Only one flood in recorded history could possible compare with 1997. That was the flood of 1861-62, which was so large that parts of the Great Valley turned into a lake for weeks. Sacramento was abandoned as the state capitol for months while the waters subsided. No gauges were present on any of the rivers so we don't know how the numbers compare, but considering that 1997 was considered a 250 year flood (a 1/250 chance of occurring in any one year), it must have been truly extraordinary. And in the last month, only twenty years later, we seem to have reached a similar level of flooding on many of our rivers in California.

And that's the way it is with Oroville Dam today. With a dam and a river that is larger than the Tuolumne. I can't imagine the stress levels of those who are dealing with the situation as they try to navigate their way between undesirable choices.

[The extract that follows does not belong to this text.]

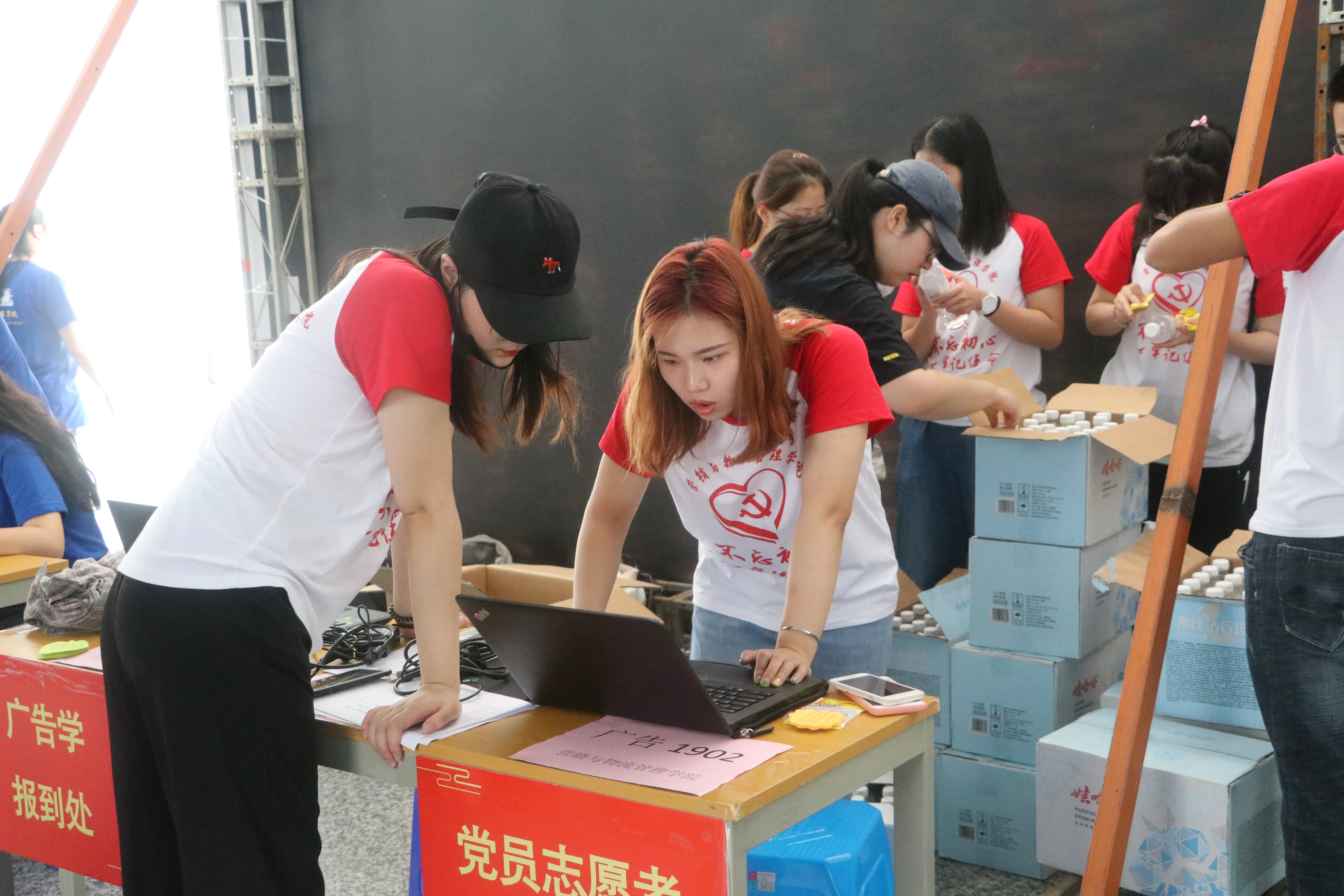 营销公司专门设立了老员工党员志愿者服务台,引导新生完成报到流程,帮助新生搬运行李,介绍校园环境和老员工活经验。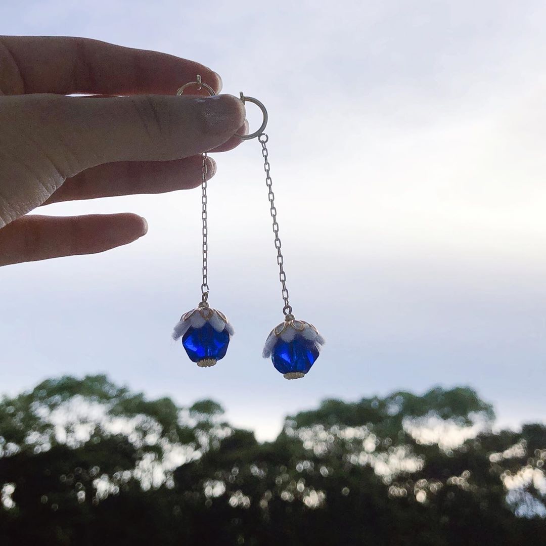 透明感。 大きなブルーのビーズは ボタン展で一目惚れしたもの。 夏の揺れるイヤリングは 反則だよね!なんて考えながら作ったんだ。 女の子の特権…✨ * * 日差しにかざした時の透明感が夏っぽい * * #ハンドメイドイヤリング #ハンドメイドアクセサリー #フェルトアクセサリー #浴衣アクセサリー #浴衣 #seina_fukuoka#福岡聖菜akb48Fukuoka SeinaSeina Fukuokaハンドメイドアクセサリーハンドメイドイヤリングフェルトアクセサリー浴衣浴衣アクセサリー

Since we have chosen to live together as a society in numbers totaling millions of people, we have to make many choices about how much we alter and change the landscape that supports us. Our basic needs of water, food and shelter have to be provided on a massive scale, but the infrastructure at such kinds of scale also have the potential to fail at equally high magnitude. Politicians are fond of keeping taxes low and complain endlessly about "burdensome" regulations and guidelines. They cut the budgets of agencies who provide the expertise that can allow us to avoid catastrophes. When they do this, they are setting up conditions for failure on an astronomic scale. So who will we blame in the end?

I wish the operators of Oroville Dam all the best. I assume they are talented at what they do and that they will be making the best possible decisions in coming days. I also hope that those who represent us in the halls of government will gain some kind of insight about the best ways to care for and improve the infrastructure that supports and protects us all. I hope, but I'm not all that optimistic, seeing the disdain that those in power right now hold for science and knowledge.

POSTSCRIPT: The incoming flow has declined to 120,000 cfs, with 65,000 cfs outflow. If it continues to drop, the operators might not need to use the emergency spillway.

POSTSCRIPT (2/11/17 at 8 AM): According to this Mark Finan at KCRA, this is the emergency spillway this morning at 7 AM. About to go over the edge...

The incoming flow at 8 AM is 89,276 cubic feet per second, the outflow is 55,092 cfs. The lake is still rising, with less than 2 inches of clearance before water flows through the spillway.

POSTSCRIPT (2/12/17): The inflow to Oroville Reservoir is finally dropping below the outflow, so the lake level can start dropping (hopefully enough to deal with the next storm in five days).
POSTSCRIPT (2/12/17, 6:45 PM): Gee whiz, things were quiet, so I went birding for a few hours and all hell broke loose while I was gone. First, if you are in the Oroville area, take the official announcements seriously and follow evacuation orders without delay. It's got to be serious if they take a step like that. In any case, the auxiliary spillway is in imminent danger of failing. If it does so, lake water would be surging over bedrock in an uncontrolled manner. It depends what kind of bedrock there is (I'm working on that), since the rapid flows could erode the rock channel downward (as happened at Don Pedro in 1997) which could then lead to higher flows and flooding downstream. It sounds like the operators increased flow on the other damaged spillway, so that the flow over the auxiliary spillway is down to 2 inches, rather than the 1 1/2-2 feet. That takes a lot of pressure off the auxiliary spillway, and offers hopes for some kind of repairs before the next storm hits.